Prepare Transcripts files

I’m using Mandarin Chinese here as an example. My goal here is to align each Chinese character (each syllable) with its corresponding sound interval. Thus I need to prepare transcript files in which there is a space between any two characters. Besides, there are many audio files in a corpus to be aligned. We would want to name all the transcript files accordingly (matching with the .wav filename) so that we can write a loop script to run an aligner for all of the .wav files at once. Since .txt files work for both aligners, I’ll demonstrate how to prepare a .txt file (relatively efficiently) for each .wav file when you have assembled transcripts such as pre-designed speech stimuli in speech production experiments. One way to do this is:

2.1. Acquire a List of .wav Files

Put all the .wav files in a directory and open Terminal and navigate to that directory. In Terminal:

$ ls *.wav >> listname.txt 

We obtain the listname.txt with each .wav filename being a row in one column.


2.2. Insert Spaces in Transcripts

Since we want the audios to be aligned at the syllable level, we need to insert a space between every two characters in the transcripts. For my project, I have pre-designed speech stimuli in a stimuli.txt file. Here is an example:


Each row is a transcript for a audio file and they are put in the same order as the audio files.We can make use of bash shell commands to insert a space between every two characters:

$ sed -e 's/./& /g' stimuli.txt

2.3. Add Corresponding Transcripts

Then I insert the column of the filenames into the file so that the corresponding transcript of an audio is on the same row following the .wav filename with a space.

$ paste -d' ' listname.txt stimuli.txt > list.txt

We should listen to the audios at this stage and check if the transcripts are correct. You can slightly modify them manually when speakers made any variation. So now the list.txt is as follows:

1_1_101.wav 他 们 堆 的 雪 人 很 稳 当
1_2_101.wav 他 们 堆 的 城 堡 很 稳 当
1_3_101.wav 他 们 堆 的 台 阶 很 稳 当

An advantage of acquiring a list in this way is that in speech production experiments, different speakers produce a set of audios based on the same speech materials. So we only need to change the first column of the filenames when we have a different speaker.

2.4. Generate Individual .txt Files

We want all the characters in each line to be an independent .txt file whose filename is the first field but with .txt extension. File-naming is very important because you need to think about the next step.

2.4.1 Filenaming for the Penn Forced Aligner

To use P2FA for a group of files in a directory, I used a shell script calling the .py in a loop. So it would be easy to use the .wav filename (e.g. 1_1_101.wav) as a common stem and a variable $i so that the corresponding .txt filename is $i.txt (e.g. 1_1_101.wav.txt).

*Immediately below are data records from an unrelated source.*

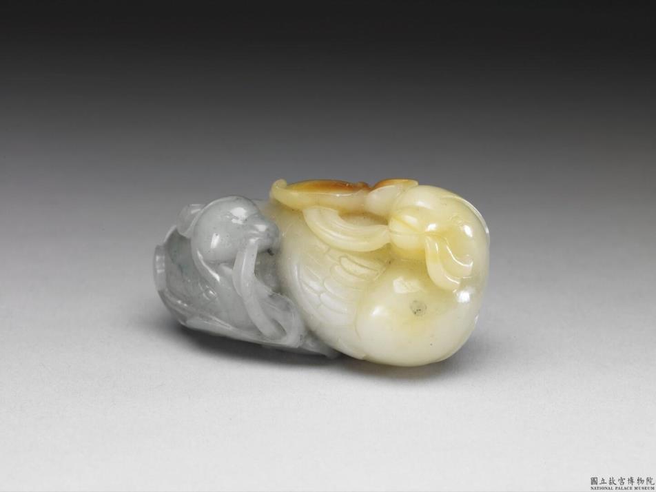 玉半边为青白色夹杂黄斑,另半边呈灰白色,夹杂黑色斑。依玉石颜色变化,分琢两相连之鸳鸯,在底部莲叶上呈俯卧姿势而互相对望。两鸳鸯口衔莲叶,叶披覆身上。
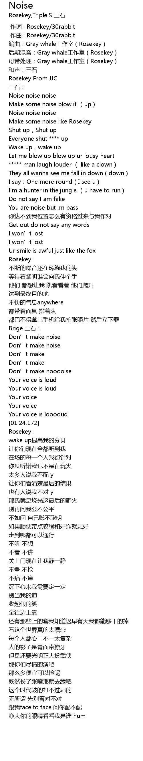 | [00:09.922] | 母带处理:Gray whale工作室(Rosekey) |
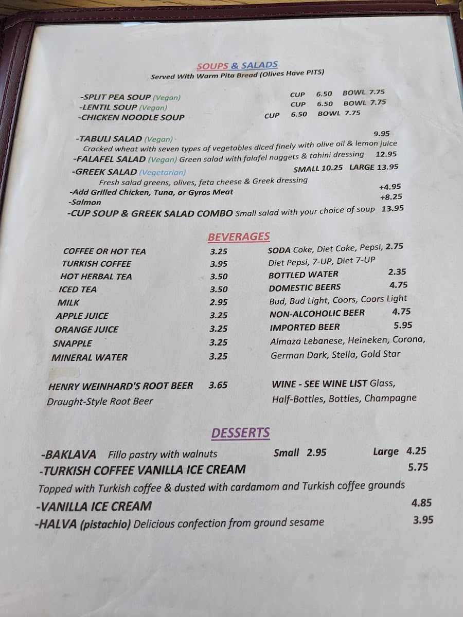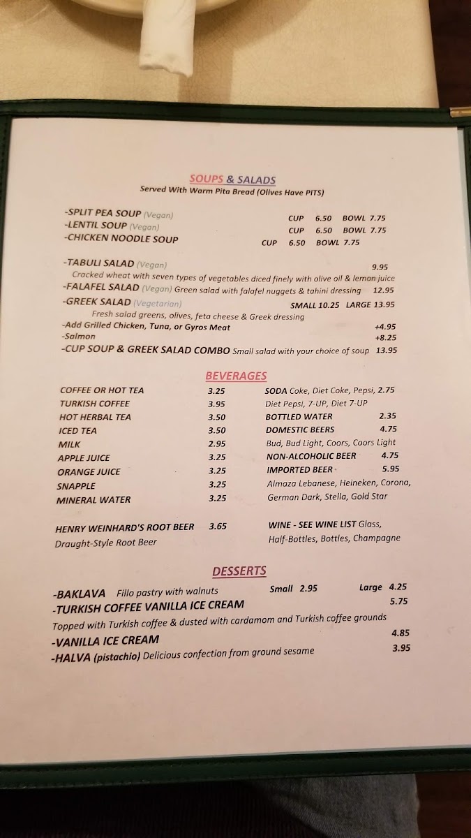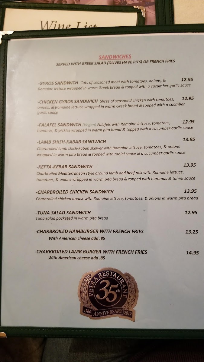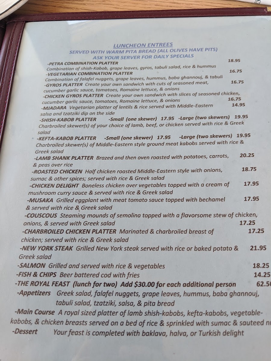 Petra Restaurant Menu
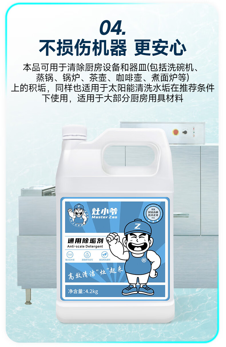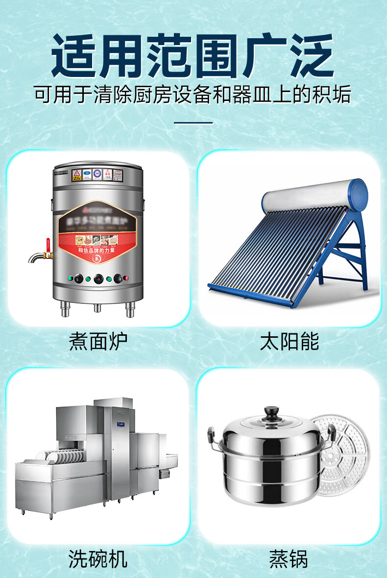 Universal descaler, commercial boiler steamer, powerful scale and rust removal, stainless steel cleaner, solar cleaning agent
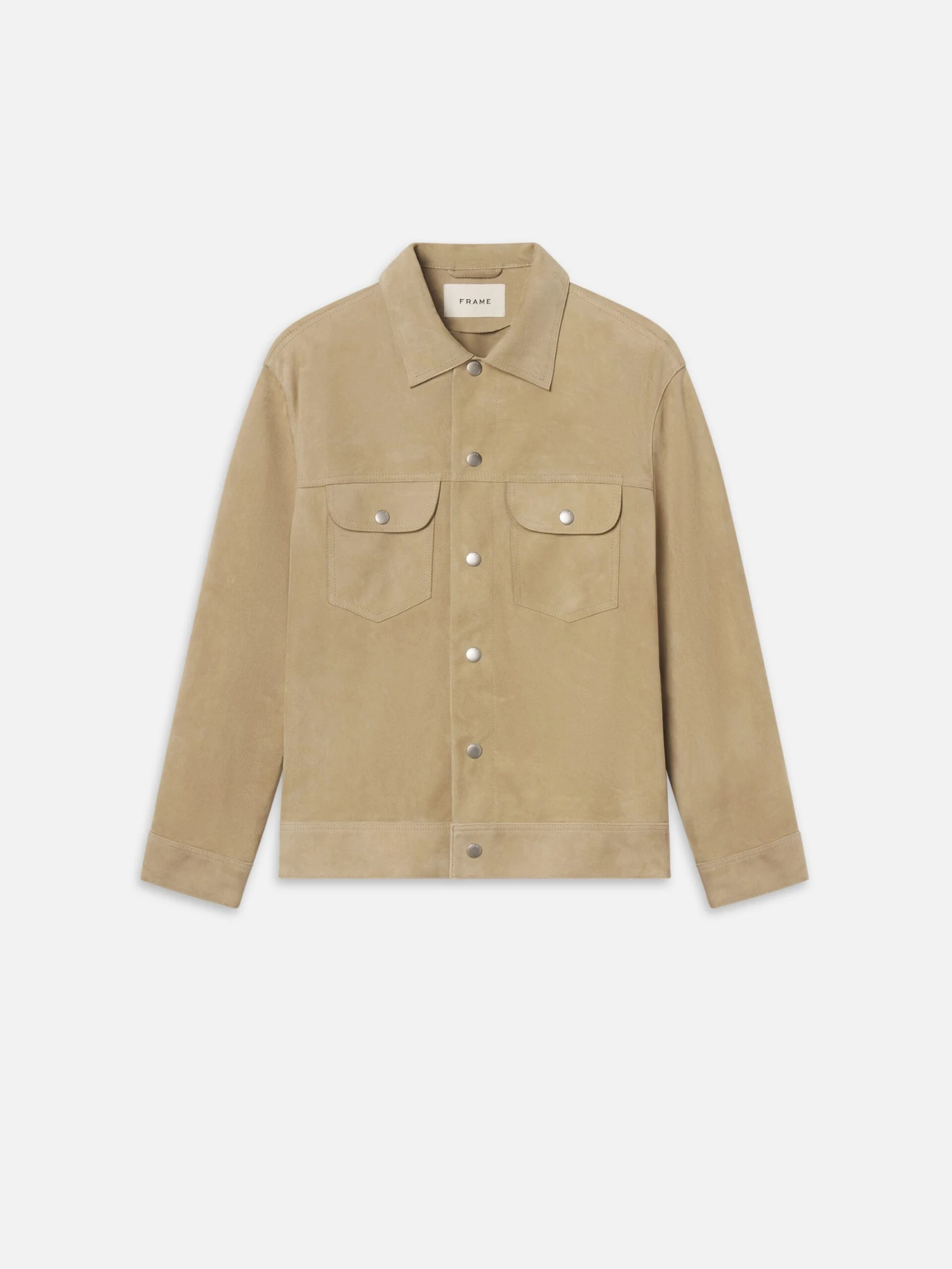 A workwear staple, upgraded in supple suede. This trucker jacket balances utility with quiet luxury, detailed by flap pockets and silver snap hardware for a timeless, tailored edge.
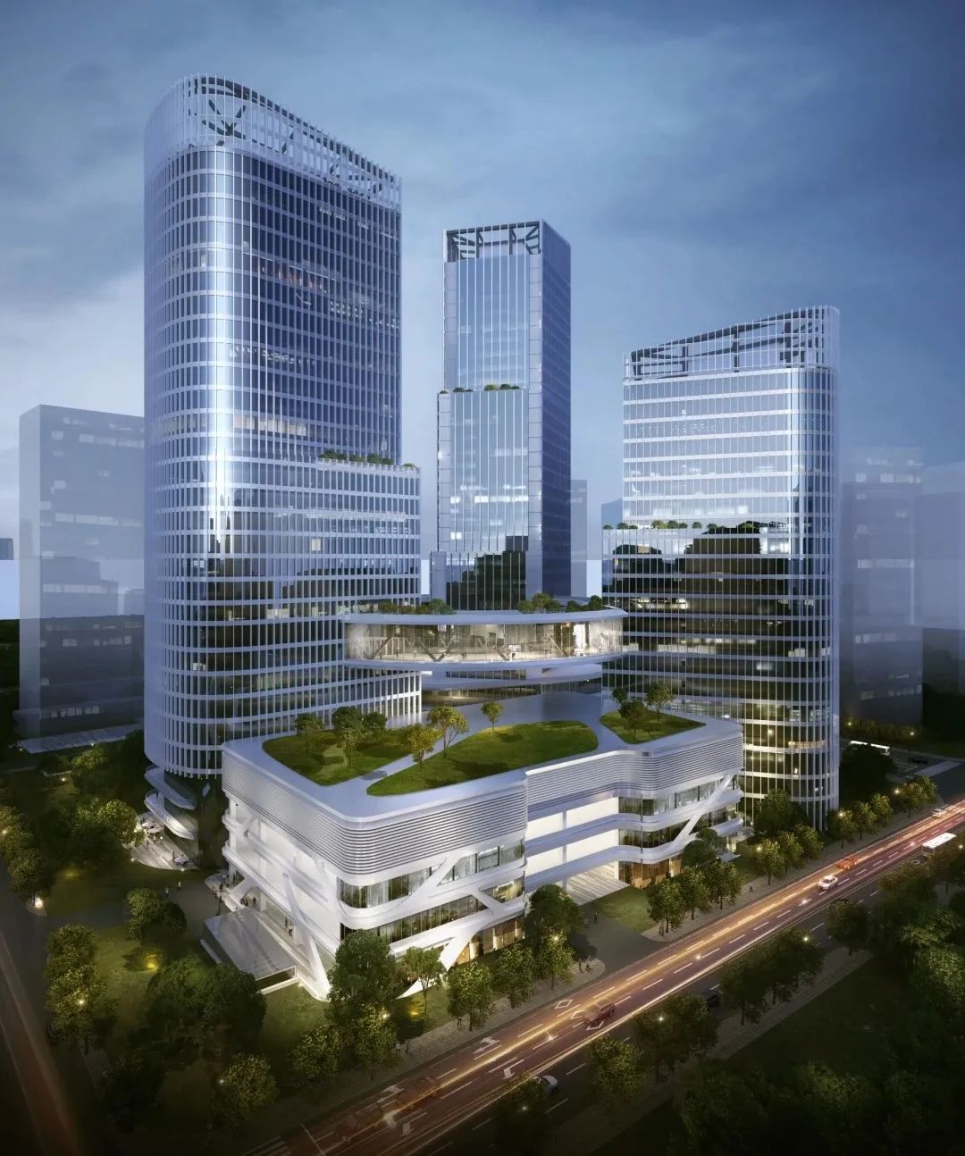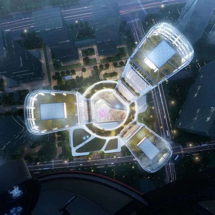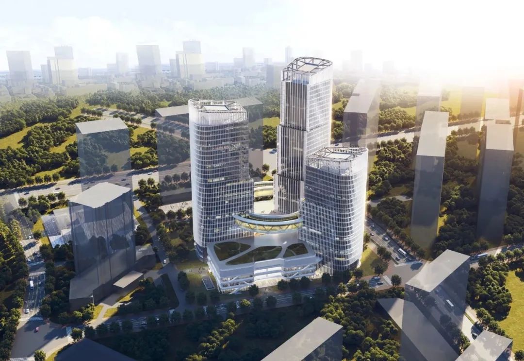 该项目是集商业、商务、公共交通场站于一体的综合体建筑,由两栋超高层塔楼、一栋高层塔楼、商业裙房以及一个公交场站组成。

$ cat list.txt | while read line || [ -n "$line" ]; do echo $line | awk '{$1=""}1'| awk '{$1=$1}1' > $(cut -d " " -f1 <<< $line).txt; done < list.txt

The first awk here removes the first field and the second awk removes the leading space (by redefine the beginning as the first string).

2.4.2 Filenaming for the Montreal Forced Aligner

To use the Montreal aligner we want the paired .txt and .wav to have exactly the same filename (e.g. 1_1_101.txt and 1_1_101.wav). An easier way is probably change the extensions in the first column in list.txt first to make them the filenames of our output .txt files before splitting it into individual files.

$ sed 's/\.wav/\.txt/' list.txt 

(you can also use Find and Replace in your text editor. Do whichever is easier!)

$ cat list.txt | while read line || [ -n "$line" ]; do echo $line | awk '{$1=""}1'| awk '{$1=$1}1' > $(cut -d " " -f1 <<< $line); done < list.txt

By doing so, our corresponding.txt files are ready.

There are many ways to achieve this depending on how you obtain your transcript texts. How to obtain orthography transcripts efficiently for spontaneous speech? I think of open-source speech-to-text APIs (e.g. Google’s Speech-to-Text or Baidu’s DeepSpeech). But there are often some restrictions. I may build a pipeline from speech-to-text to forced alignment in the near future and post it here.